Alzheimer's detection in a simple blood test
Swedish scientists have shown how a blood test can reveal whether there is accelerating nerve cell damage in the brain. Published in the journal JAMA Neurology, their study should be useful for detecting Alzheimer’s disease, which is gradual in its development and currently difficult to diagnose.
Very sensitive methods have been developed in recent years to measure the presence of certain substances in blood that can indicate damage in the brain and neurological diseases such as Parkinson’s, multiple sclerosis (MS) and Alzheimer’s. Neurofilament light protein (NFL), a marker for nerve cell damage, is one such substance.
“Standard methods for indicating nerve cell damage involve measuring the patient’s level of certain substances using a lumbar puncture, or examining a brain MRI,” said study leader Niklas Mattsson, a researcher at Lund University and physician at Skåne University Hospital. “These methods are complicated, take time and are costly. Measuring NFL in the blood can be cheaper and is also easier for the patient.”
When nerve cells in the brain are damaged or die, NFL protein leaks into the cerebrospinal fluid and onwards into the blood. It was previously known that the levels of NFL are elevated among people with neurodegenerative diseases, but there has been a lack of long-term studies.
With this in mind, researchers analysed a large number of blood samples collected over several years from a total of 1583 subjects: 1182 patients with different degrees of sporadic Alzheimer’s disease — the most common form of the disease — and 401 healthy subjects in a control group.
“We discovered that the NFL concentration increases over time in Alzheimer’s disease and that these elevated levels also are in line with the accumulated brain damage, which we can measure using lumbar punctures or magnetic resonance imaging,” said Mattsson.
At present, there is no treatment that can reduce the loss of nerve cells in the brain that occurs as a result of Alzheimer’s — and while drugs are available to mitigate cognitive disorders, they do not slow the course of the disease. Measurements of NFL concentration in the blood could indicate if a medicine is actually affecting the loss of nerve cells, when an optimal dosage of the drug has been reached or if another drug should be tried.

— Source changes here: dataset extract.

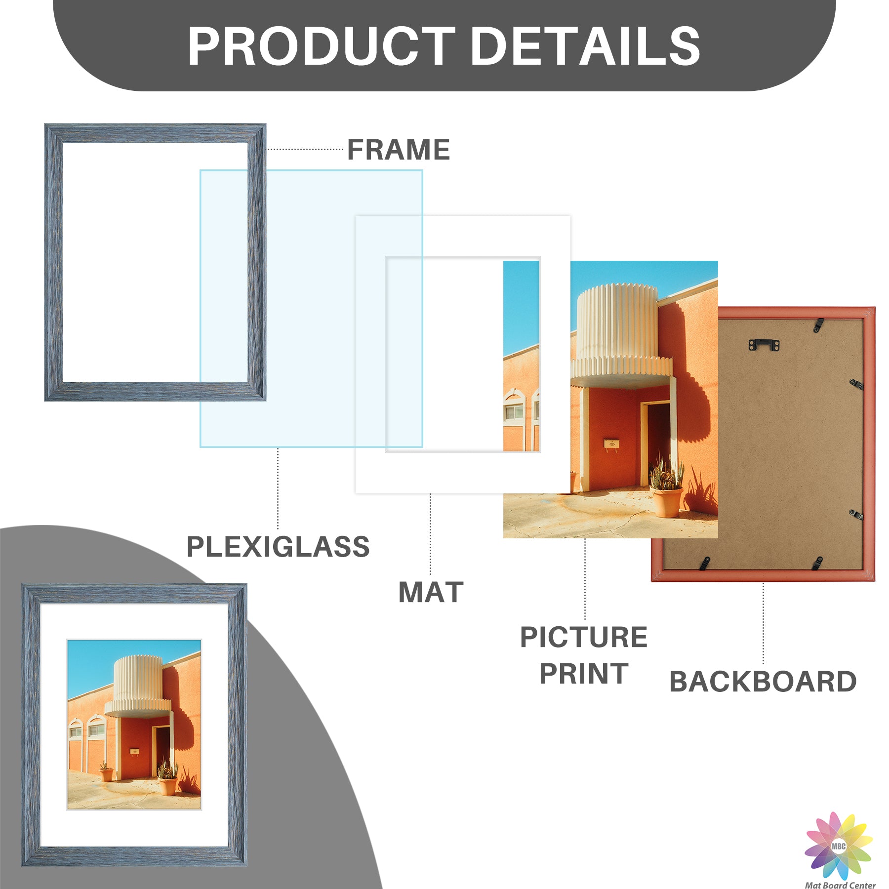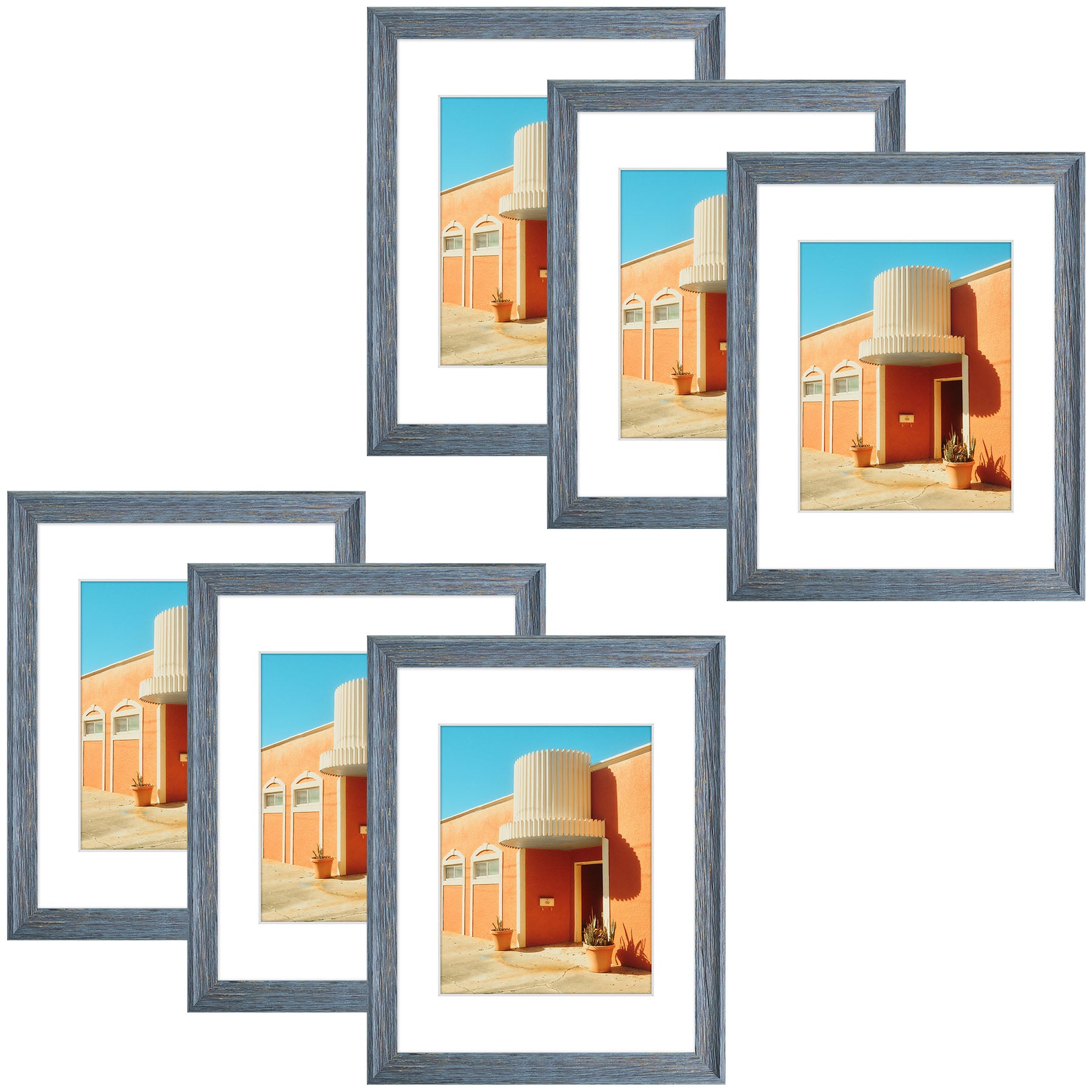 11x14 Picture Frame for 8x10 Photo with White Mat and Plexiglass (6 Pcs Per Box) Blue

“Within drug development it can be valuable to detect the effects of the trialled drug at an early stage and to be able to test on people who do not yet have full-blown Alzheimer’s,” explained Mattsson.

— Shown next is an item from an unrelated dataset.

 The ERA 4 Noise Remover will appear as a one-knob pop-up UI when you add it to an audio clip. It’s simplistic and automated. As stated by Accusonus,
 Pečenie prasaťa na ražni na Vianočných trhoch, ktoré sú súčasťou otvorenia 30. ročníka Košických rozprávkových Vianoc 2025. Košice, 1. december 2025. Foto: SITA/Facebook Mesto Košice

“Measuring the NFL concentration in the blood could make things easier for future drug development, both through following the effects of the drug and by including test subjects who display markers of nerve cell deterioration. This approach will enable more reliable conclusions to be drawn from the results.”
Mattsson said it is important that scientists continue to examine how sensitive the measurement of NFL in the blood is as a marker for Alzheimer’s disease and what can be expected from longitudinal changes. He also believes that the method is not far from becoming a standard clinical procedure.
“Preparatory work is ongoing at Sahlgrenska University Hospital in Gothenburg to make this method available as a clinical procedure in the near future,” he said. “Physicians can then use the method to measure damage to nerve cells in Alzheimer’s disease and other brain disorders through a simple blood test.”